==== The data ====

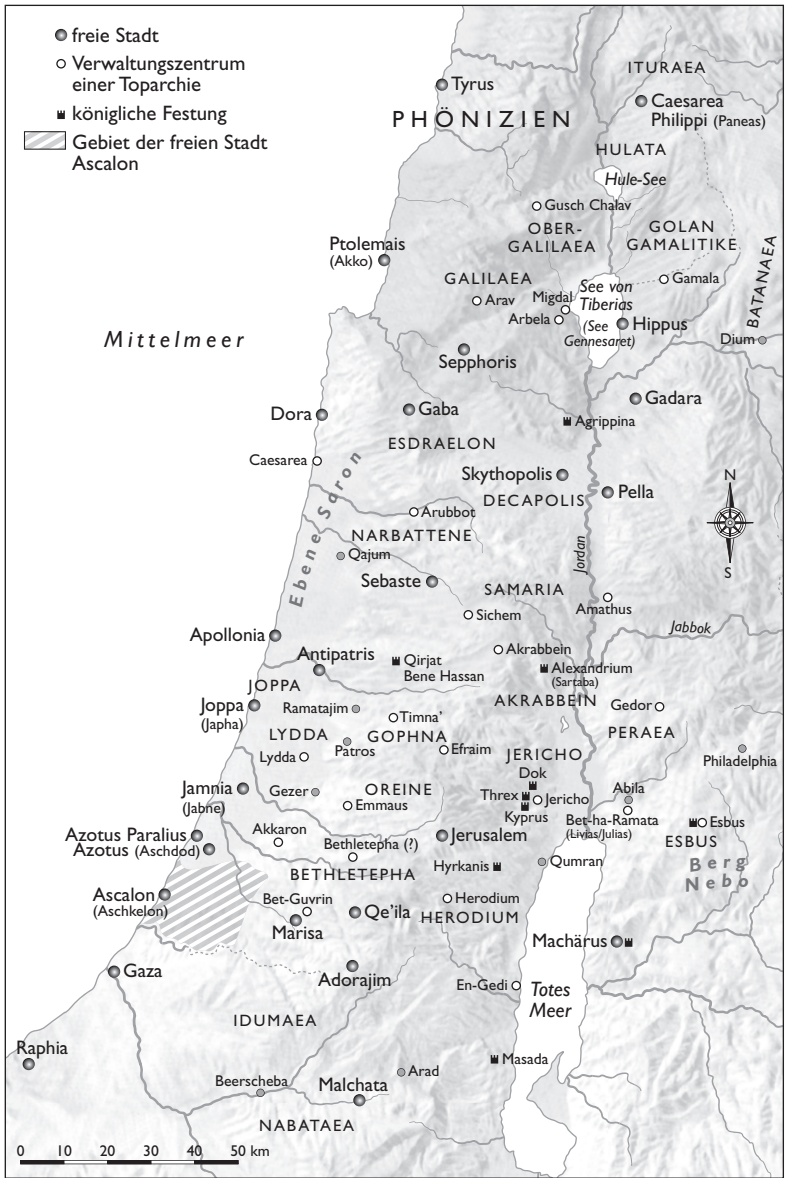
Abb. 1 Der palästinensische Raum zur Zeit des Herodes
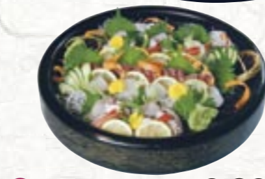
㉓お造り盛り合わせ 6,300円より
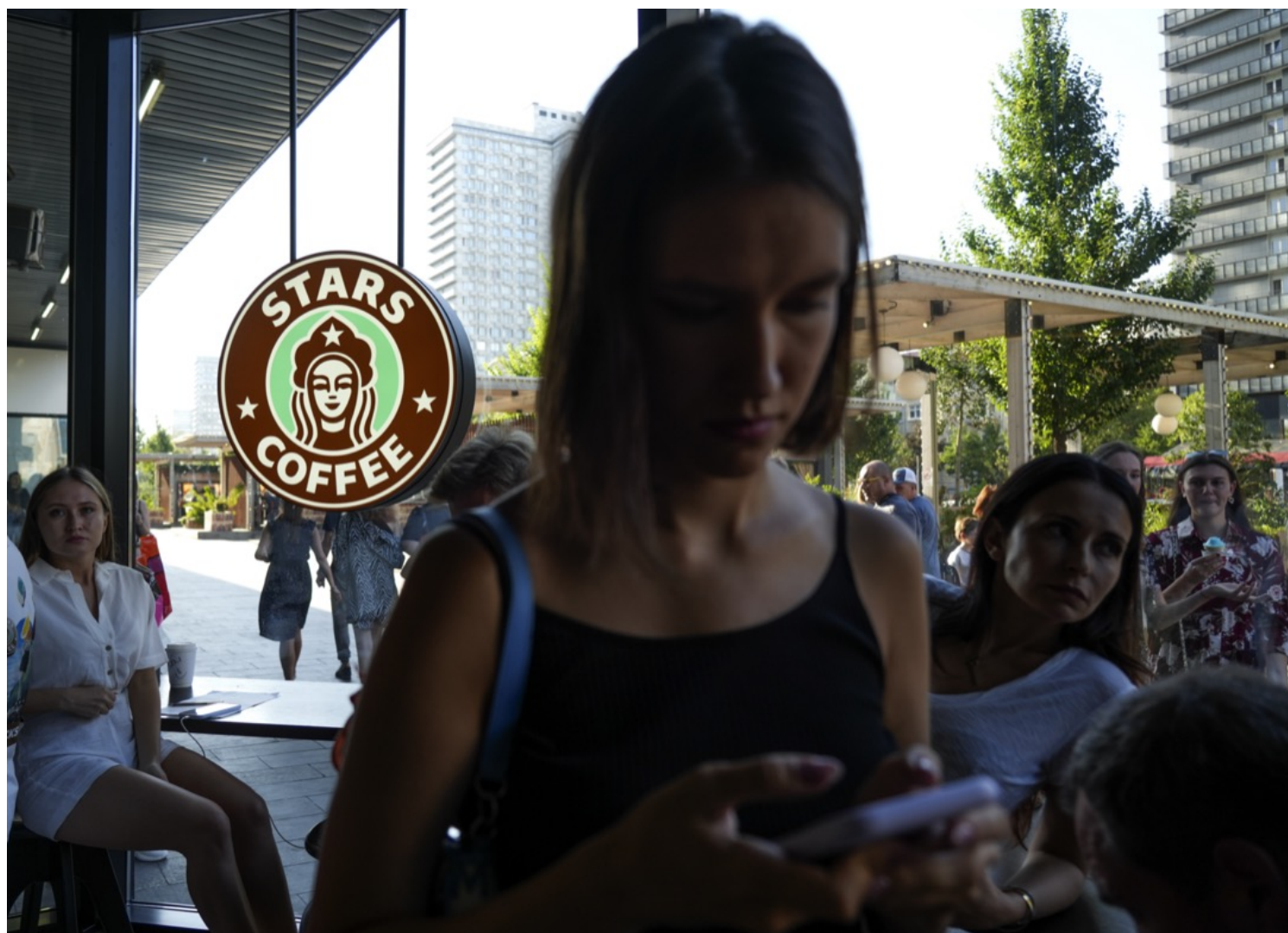
2022年8月18日，俄罗斯莫斯科，自入侵乌克兰后，星巴克等外资企业将业务撤离俄罗斯，当地民众光顾取而代之的“星星咖啡”（Stars Coffee）。

餐厅和咖啡馆里能看见的男士有点少。这是在彼得堡和莫斯科的直观感受。我没有任何数据可以证明这种感受是否符合现实。但一个合理的推测是：中产阶级的男性比别的阶层的男性都更大比例地逃离了俄罗斯。和我聊天的每个人都告诉我，自己有朋友（主要是男性朋友）现在正身处某个前苏联国家——亚美尼亚、格鲁吉亚、哈萨克斯坦、乌兹别克斯坦或吉尔吉斯。相比已经涨价到上万港币一张的直飞土耳其的机票，前往中亚和高加索国家的便宜途径更多。俄罗斯人在那些国家也有超过三个月的免签待遇。很多人看中这些地方仍然能使用俄罗斯的银行支付系统，使得他们就算身在俄罗斯之外也能远程办公，赚俄罗斯的钱，在外面花。

====

Work task:
Print the material above exactly as it appears, but not its pictures.

Expected answer:
Abb. 1 Der palästinensische Raum zur Zeit des Herodes
㉓お造り盛り合わせ 6,300円より
2022年8月18日，俄罗斯莫斯科，自入侵乌克兰后，星巴克等外资企业将业务撤离俄罗斯，当地民众光顾取而代之的“星星咖啡”（Stars Coffee）。

餐厅和咖啡馆里能看见的男士有点少。这是在彼得堡和莫斯科的直观感受。我没有任何数据可以证明这种感受是否符合现实。但一个合理的推测是：中产阶级的男性比别的阶层的男性都更大比例地逃离了俄罗斯。和我聊天的每个人都告诉我，自己有朋友（主要是男性朋友）现在正身处某个前苏联国家——亚美尼亚、格鲁吉亚、哈萨克斯坦、乌兹别克斯坦或吉尔吉斯。相比已经涨价到上万港币一张的直飞土耳其的机票，前往中亚和高加索国家的便宜途径更多。俄罗斯人在那些国家也有超过三个月的免签待遇。很多人看中这些地方仍然能使用俄罗斯的银行支付系统，使得他们就算身在俄罗斯之外也能远程办公，赚俄罗斯的钱，在外面花。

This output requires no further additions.